The data below should be transcribed in full, with no picture included.

Data:
────

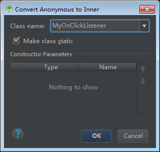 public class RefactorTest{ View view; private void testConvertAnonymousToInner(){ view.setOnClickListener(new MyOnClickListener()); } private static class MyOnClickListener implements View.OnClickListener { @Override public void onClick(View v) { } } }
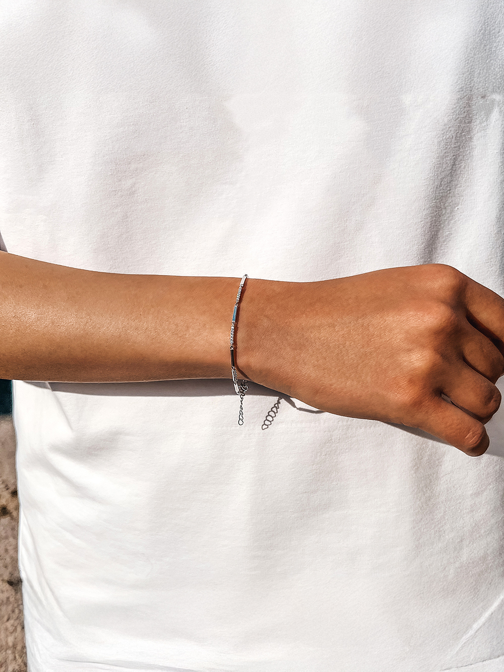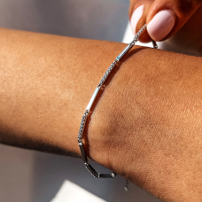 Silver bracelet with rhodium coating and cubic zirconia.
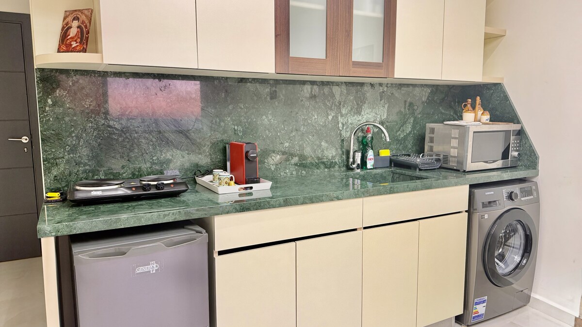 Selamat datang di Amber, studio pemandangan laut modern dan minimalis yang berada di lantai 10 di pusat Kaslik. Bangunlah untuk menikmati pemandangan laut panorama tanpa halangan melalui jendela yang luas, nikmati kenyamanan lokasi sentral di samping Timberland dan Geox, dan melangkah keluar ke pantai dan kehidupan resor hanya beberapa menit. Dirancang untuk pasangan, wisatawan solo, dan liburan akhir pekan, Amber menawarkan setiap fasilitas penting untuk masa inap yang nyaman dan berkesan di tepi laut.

────

Exercise output:
 public class RefactorTest{ View view; private void testConvertAnonymousToInner(){ view.setOnClickListener(new MyOnClickListener()); } private static class MyOnClickListener implements View.OnClickListener { @Override public void onClick(View v) { } } }
 Silver bracelet with rhodium coating and cubic zirconia.
 Selamat datang di Amber, studio pemandangan laut modern dan minimalis yang berada di lantai 10 di pusat Kaslik. Bangunlah untuk menikmati pemandangan laut panorama tanpa halangan melalui jendela yang luas, nikmati kenyamanan lokasi sentral di samping Timberland dan Geox, dan melangkah keluar ke pantai dan kehidupan resor hanya beberapa menit. Dirancang untuk pasangan, wisatawan solo, dan liburan akhir pekan, Amber menawarkan setiap fasilitas penting untuk masa inap yang nyaman dan berkesan di tepi laut.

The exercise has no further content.